He fled a war and found sanctuary in Durham. After 3 years, he’s going home Friday.
After living in sanctuary in Durham for three years and seven months, José Chicas began packing up Thursday to go home.
“I’m trusting in God primarily, and then in the man who signed the order to cancel deportations,” the evangelical pastor from El Salvador said in Spanish from the front porch of the School for Conversion, an interfaith community-building and educating effort in a small, pale yellow house on Onslow Street.
Chicas, 55, who has four children, plans to return to his home in Raleigh on Friday, when President Joe Biden’s administration begins a 100-day moratorium on most deportations.
He told The News & Observer that his whole family is rejoicing.
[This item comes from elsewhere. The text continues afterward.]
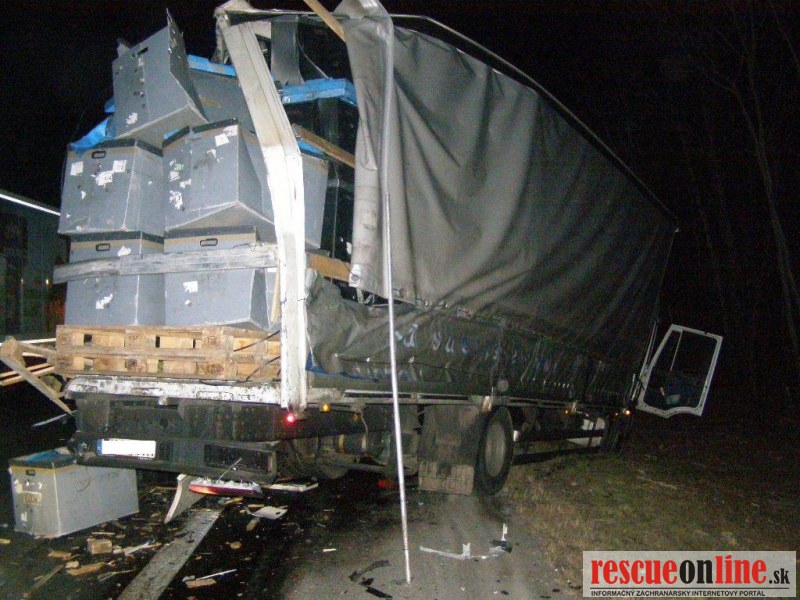 KRPZ Trnava | K dopravnej nehode dvoch kamiónov došlo včera (7.3.) po dvadsiatej tretej hodine na diaľnici D1 pri Červeníku v smere od Hlohovca na Piešťany. Poľský kamión, ktorý viedol 41 ročný vodič, bol pravdepodobne pre poruchu odstavený pri krajnici. Prichádzajúci 42 ročný vodič z Česka so slovenským kamiónom si odstavenú nákladnú súpravu neskoro všimol a pravou prednou časťou narazil do jej ľavej zadnej časti. V dôsledku nárazu boli oba kamióny odhodené do priekopy vpravo a zároveň bol zablokovaný pravý jazdný pruh. Poľský kamión bol odstránený z cesty ráno okolo tretej hodiny. Na odstránení slovenského kamióna sa ešte stále pracuje. Pri nehode utrpel český vodič ľahké zranenia, poľský vodič sa nezranil. Dopravná nehoda sa zaobišla bez alkoholu. Polícia presné príčiny dopravnej nehody a mieru zavinenia vyšetruje.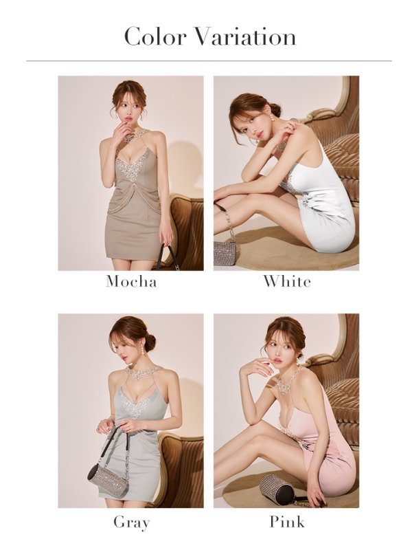 【ANGEL R/エンジェルアール】ホルターネック/ ビジュー/ シフォンドレープ/ パールチェーン/ タイト/ ミニドレス/ キャバドレス[OF2] [AR25230-P-S250728]

His wife Sandra and his 14-year-old son Ezequiel — who was in elementary school when his father had to leave — will feel his return the most.
“The new president arrived and with the stroke of a pen, Trump’s orders were ordered gone,” Chicas said. “And now, thank God, we’re going to have a little bit of relief, millions of us.”
School officials plan to gather Friday afternoon to celebrate his safe departure.
The first thing Chicas plans to do is “to give glory to God,” he said. And he can’t wait to visit his Raleigh church where he is a pastor, he said.
In some ways, though, he will miss the small house that sheltered him.
“Because of this place, I’ve met hundreds of people who have supported me,” Chicas said, noting how people from around the country visited, including Vermont Sen. Bernie Sanders and the Rev. William J. Barber II.
Fled civil war in El Salvador
Chicas left his native El Salvador in the 1980s to escape the country’s civil war. He applied for asylum in the United States in 1985 but was denied in 2008. He appealed in 2009 and lost, The News & Observer reported.
Since 2010, Chicas had shown up every year at ICE’s field office in Charlotte and received deportation delays and a work permit. At his 2017 appointment, ICE gave him a final order to leave by June 28.
That month Chicas moved into the Durham school, part of a small faith-based refuge movement in North Carolina and across the nation. U.S. Immigration and Customs Enforcement has a policy of not entering locations like houses of worship, schools and hospitals, The N&O reported.
Chicas’ move on Friday comes after his wife spoke with his attorney, who reviewed the Biden administration changes and advised his family Thursday that it would be safe for him to leave.
Three remain in sanctuaries
Chicas is one of three people in the state who remain in such sanctuaries, said Kelly Morales of Siembra NC, an organization that advocates for Latinx people.
Initially, at least seven across the state sought refuge in religious buildings.
Samuel Oliver-Bruno, who lived in a the basement of CityWell United Methodist Church in Durham for 11 months, was arrested and deported in November 2018 after he left the facility to keep an appointment with U.S. Citizenship and Immigration Services, The N&O reported.
Juana Tobar Ortega, of Asheboro, has been living at St. Barnabas Episcopal Church in Greensboro since June 2017. Church officials didn’t respond to questions Thursday about her current status.
Eliseo Jimenez was deported to Mexico in 2007 because he was in the country illegally, but returned a month later because he had two young children in the country at the time, he told The N&O in 2017.
Jimenez, whose family lived in Greensboro, remains at Umstead Park United Church of Christ in Raleigh, where he has been since October 2017.
The Rev. Doug Long, a senior minister at the Raleigh church, wrote in an email that Jimenez will talk with his attorney Friday afternoon.
“We are all waiting to hear what she has to say now that a new administration is in place,” Long wrote.
In 2013, Jimenez was stopped and charged with driving without a license, he told The N&O in 2017. He was served with an order of removal, requiring him to leave the country. He later was granted a stay on the order, which he applied for again each year and was granted until 2017, he said.
Packing for home
In an interview in June, Chicas said if Trump was re-elected, he would likely move or be forced to move back to El Salvador.
“I just can’t stay here another four years,” he told The N&O in June.
As the country waited for the presidential election results, Chicas prayed as Trump and Biden traded the lead.
When Biden was sworn in Wednesday, Chicas cried, he said.
“I said ‘Oh, thank you God,’” and asked him to bless the president, Chicas said, as he held his hands to his heart.
On Thursday, Chicas walked around the small school, taking in the pending move and starting to pack but often getting distracted, he said.
“I can’t wait for tomorrow,” he said. “I cannot pack nothing. I have to have my son and everybody come and put it in my truck and take it home.”
His son Ezequiel Chicas said he is looking forward to taking a family vacation soon and shorter outings before then, he said.
“Just experiences like go to a park, go downtown, just experience freedom that he hasn’t seen in a while,” Ezequiel said.